WHAT THE TASK ASKS. In the data below, the copy begins at the line containing "Next, I tried" and runs through the last line; repeat those lines exactly, minus the pictures.

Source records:
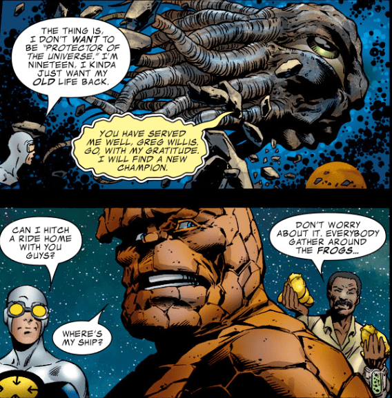 Galactus says he is restored to full strength, so he offers Gravity a boon. He asks that Galactus not harm Epoch, and Galactus swears to do so. He vanishes, and Epoch offers her thanks. She offers Gravity the chance to return to his chrysalis and regain his cosmic powers and his status as champion of the universe. He turns down her offer because he wants his old life back. Epoch agrees to this, and she says she will find another champion. Collins uses the frogs to return everyone to Earth. Gravity leaves for his parents’ home in Wisconsin to tell them he’s still alive. Ben says, “I’d call first.”
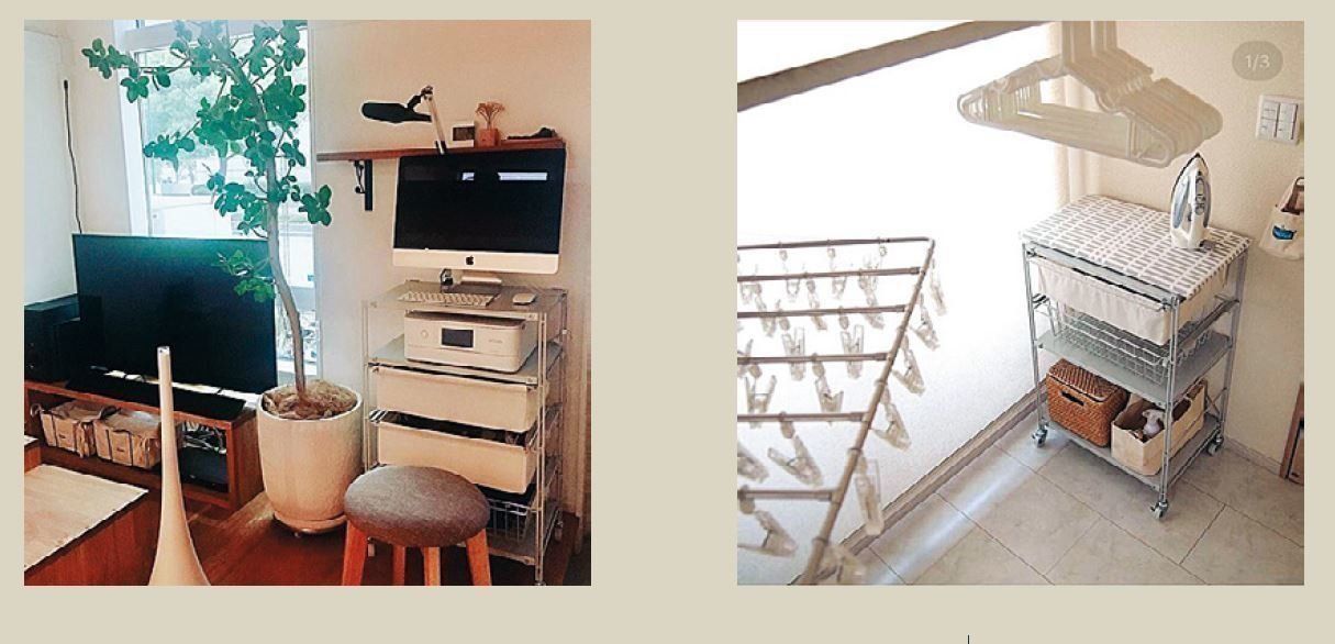 (写真左)パソコンやプリンターがコンパクトに収納できて、見た目も◎。バスケットをワイヤーから帆布に変更すれば、中身が見えないので安心(mozu_1123さん)
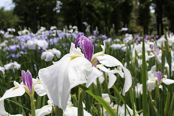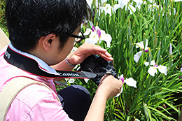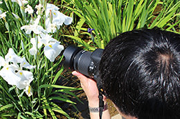 Next, I tried lowering the eye level. Although doing so allowed me to capture a wider background compared to the example in step 5, the flower was hidden behind the bud in the foreground. While extreme lowering or raising of the eye level may help to accentuate your photo, be careful not to go overboard.
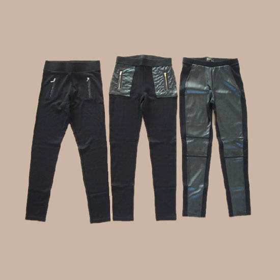 This series of knitted leggings comes in black color with contrasting silvery details. The elastic band guarantees maximum flexibility and wearing comfort. The leggings are made of top-quality material and is soft-to-the-touch, and is an essential addition to your ready-to-wear wardrobe.
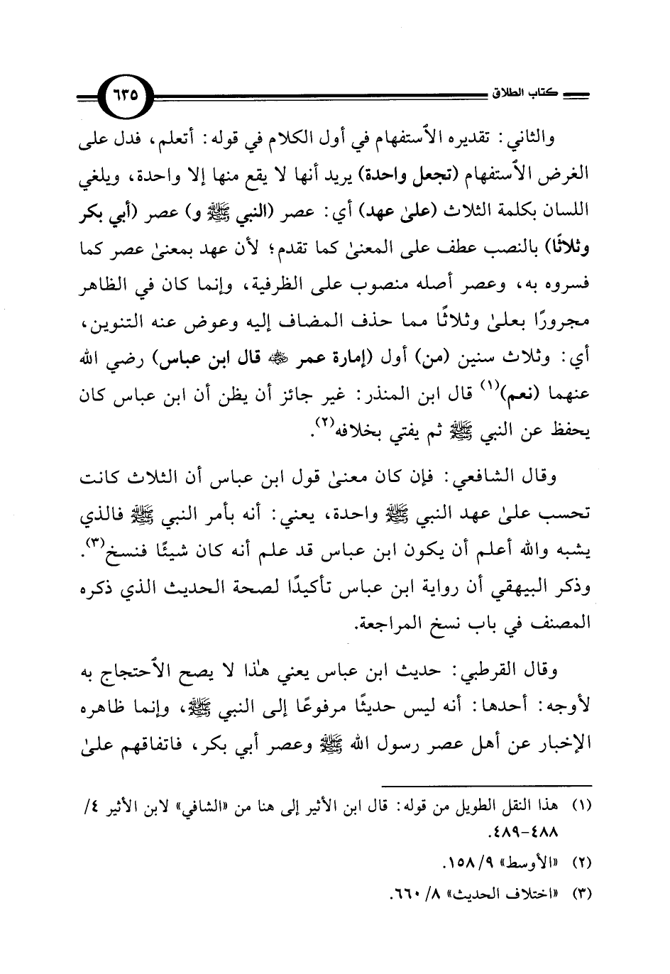 وقال القرطبي: حديث ابن عباس يعني هذا لا يصح الاحتجاج به لأوجه: أحدها: أنه ليس حديثًا مرفوعًا إلى النبي - صلى الله عليه وسلم -، وإنما ظاهره الإخبار عن أهل عصر رسول الله - صلى الله عليه وسلم - وعصر أبي بكر، فاتفاقهم على
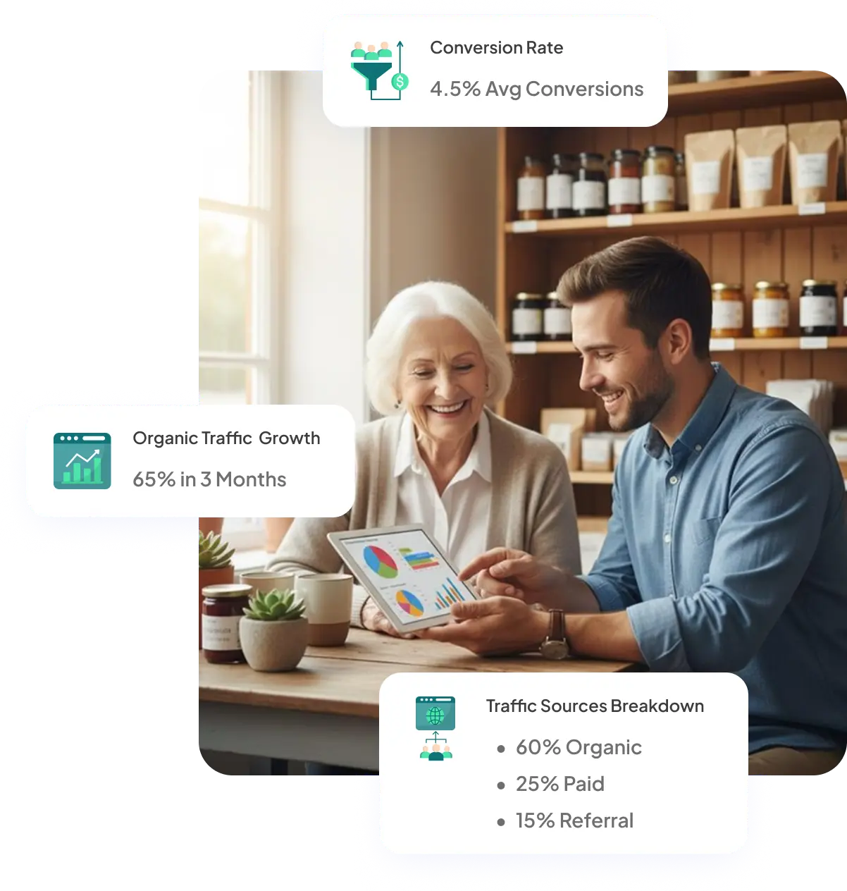 We track key performance indicators specific to your goals, providing regular reports with data on traffic, conversions, rankings, and ROI to demonstrate measurable results.
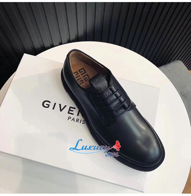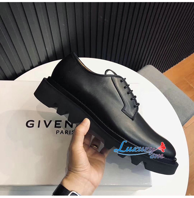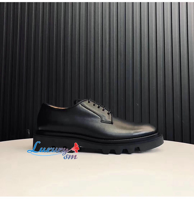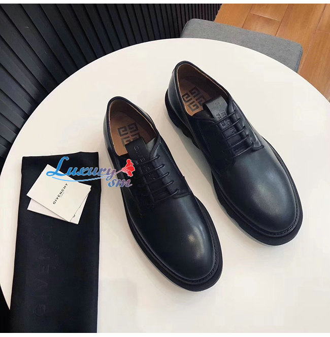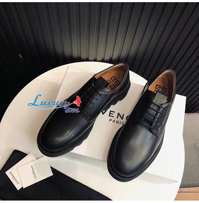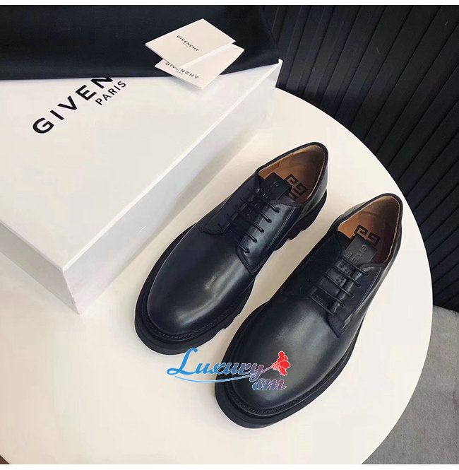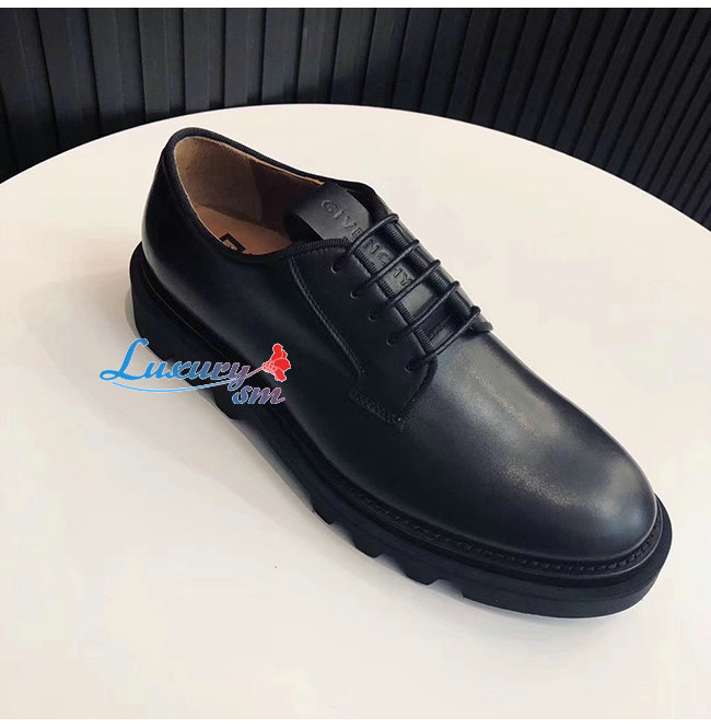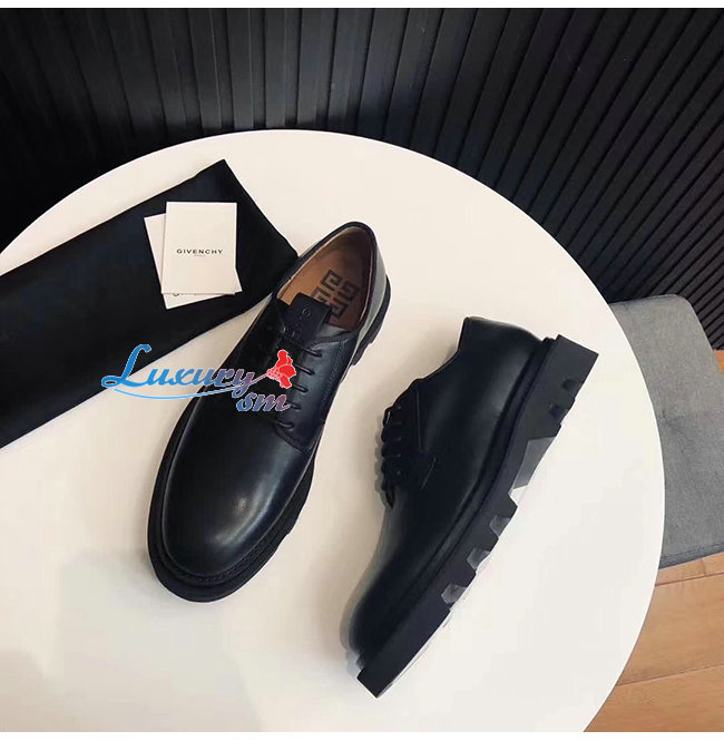 부드러운 블랙가죽 소재의 라운드 토 컴뱃 더비슈즈
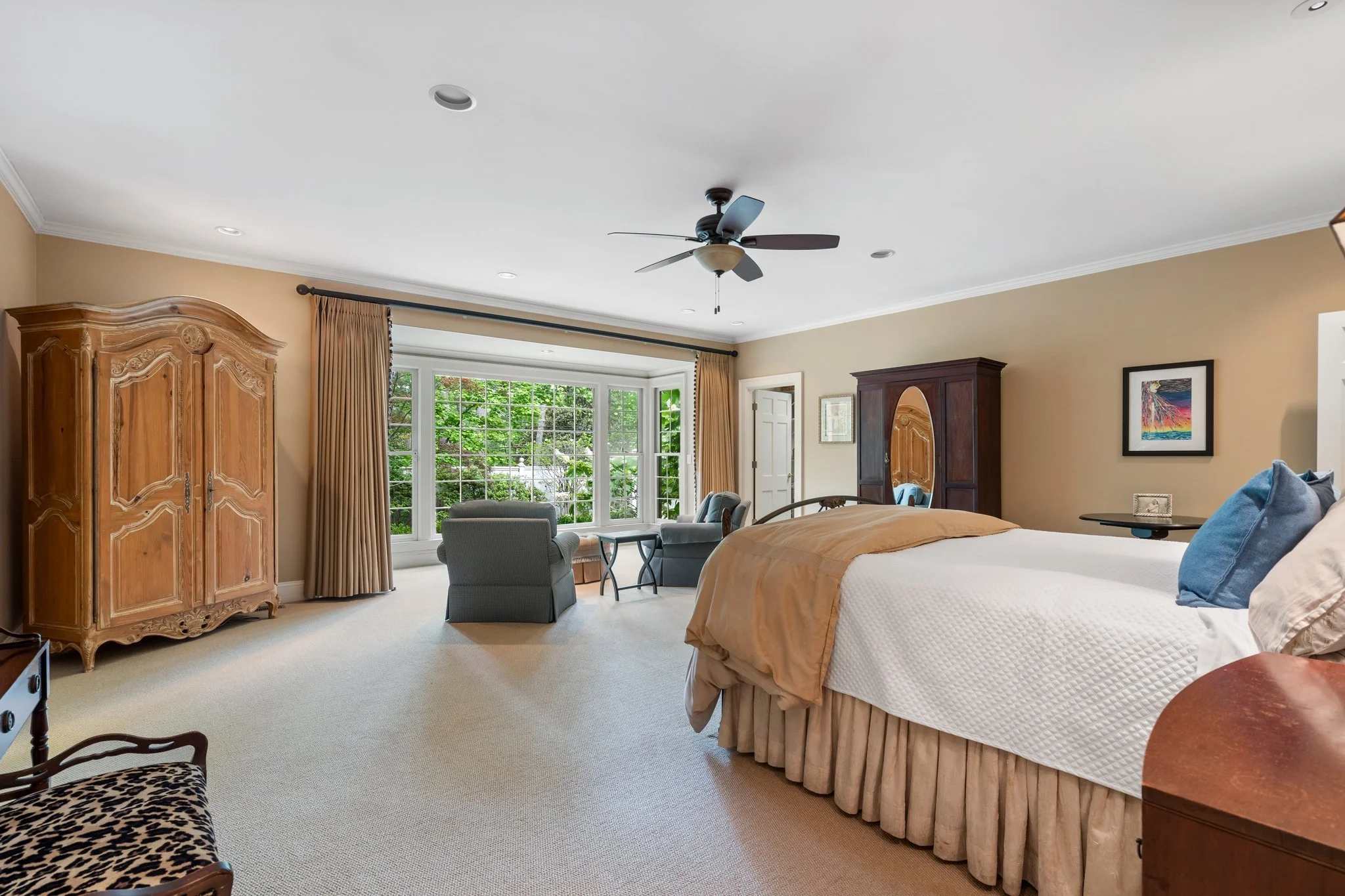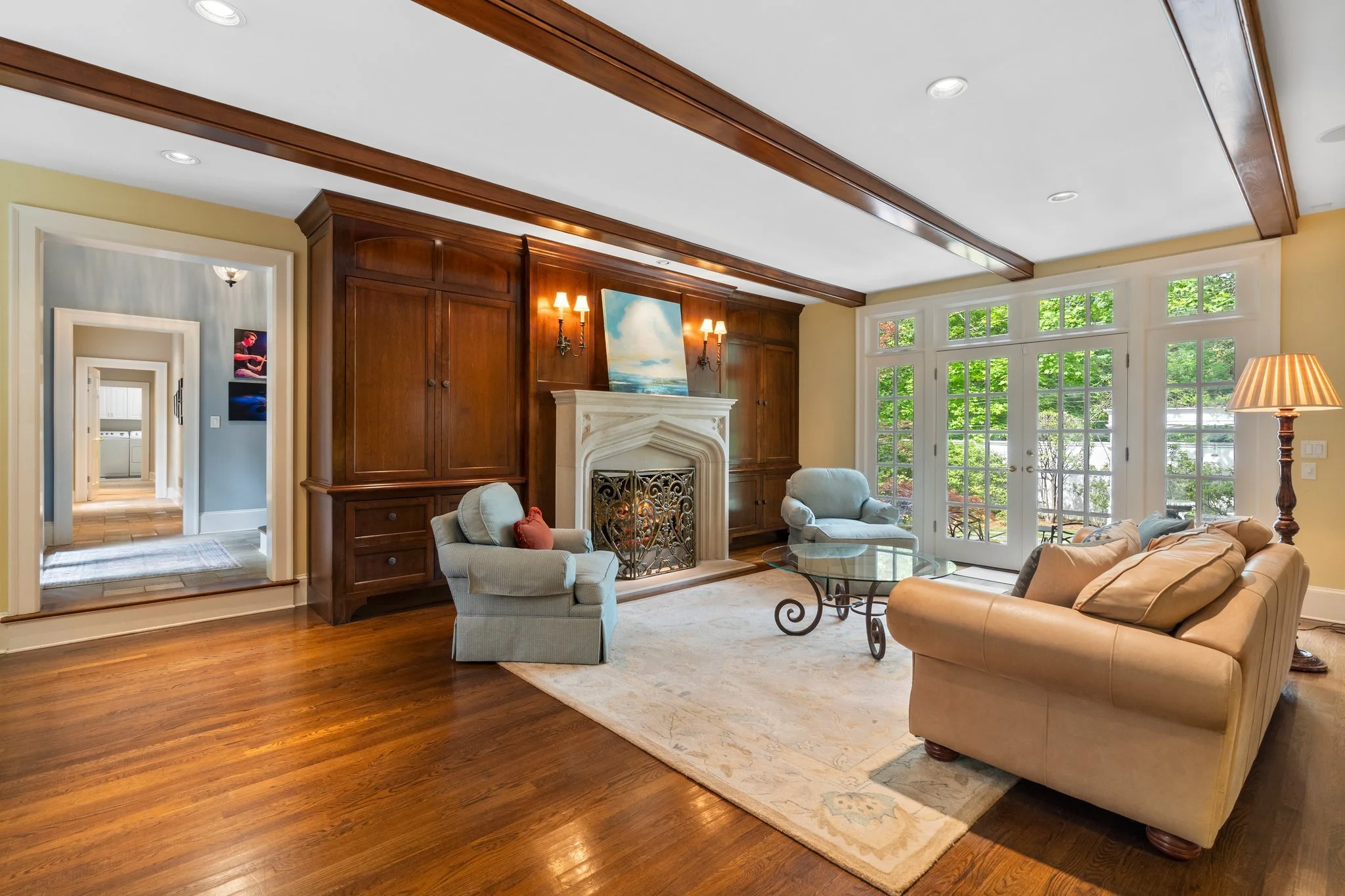 The chef’s kitchen is beautifully appointed with granite countertops, cherry cabinetry, Ann Sacks tile, Dacor double ovens, Dacor warming drawer, Viking 6-burner cooktop, two Bosch dishwashers, two Subzero refrigerator doors and a Subzero refrigerator. It opens to a light-filled family room with beamed ceilings and a custom limestone fireplace surround, plus French doors leading to the garden. Additional highlights of the home include a wonderful sunroom, wet bar, upstairs media room, large bedrooms, and easy access to good storage areas.

WRITTEN SOLUTION.
 Next, I tried lowering the eye level. Although doing so allowed me to capture a wider background compared to the example in step 5, the flower was hidden behind the bud in the foreground. While extreme lowering or raising of the eye level may help to accentuate your photo, be careful not to go overboard.
 This series of knitted leggings comes in black color with contrasting silvery details. The elastic band guarantees maximum flexibility and wearing comfort. The leggings are made of top-quality material and is soft-to-the-touch, and is an essential addition to your ready-to-wear wardrobe.
 وقال القرطبي: حديث ابن عباس يعني هذا لا يصح الاحتجاج به لأوجه: أحدها: أنه ليس حديثًا مرفوعًا إلى النبي - صلى الله عليه وسلم -، وإنما ظاهره الإخبار عن أهل عصر رسول الله - صلى الله عليه وسلم - وعصر أبي بكر، فاتفاقهم على
 We track key performance indicators specific to your goals, providing regular reports with data on traffic, conversions, rankings, and ROI to demonstrate measurable results.
 부드러운 블랙가죽 소재의 라운드 토 컴뱃 더비슈즈
 The chef’s kitchen is beautifully appointed with granite countertops, cherry cabinetry, Ann Sacks tile, Dacor double ovens, Dacor warming drawer, Viking 6-burner cooktop, two Bosch dishwashers, two Subzero refrigerator doors and a Subzero refrigerator. It opens to a light-filled family room with beamed ceilings and a custom limestone fireplace surround, plus French doors leading to the garden. Additional highlights of the home include a wonderful sunroom, wet bar, upstairs media room, large bedrooms, and easy access to good storage areas.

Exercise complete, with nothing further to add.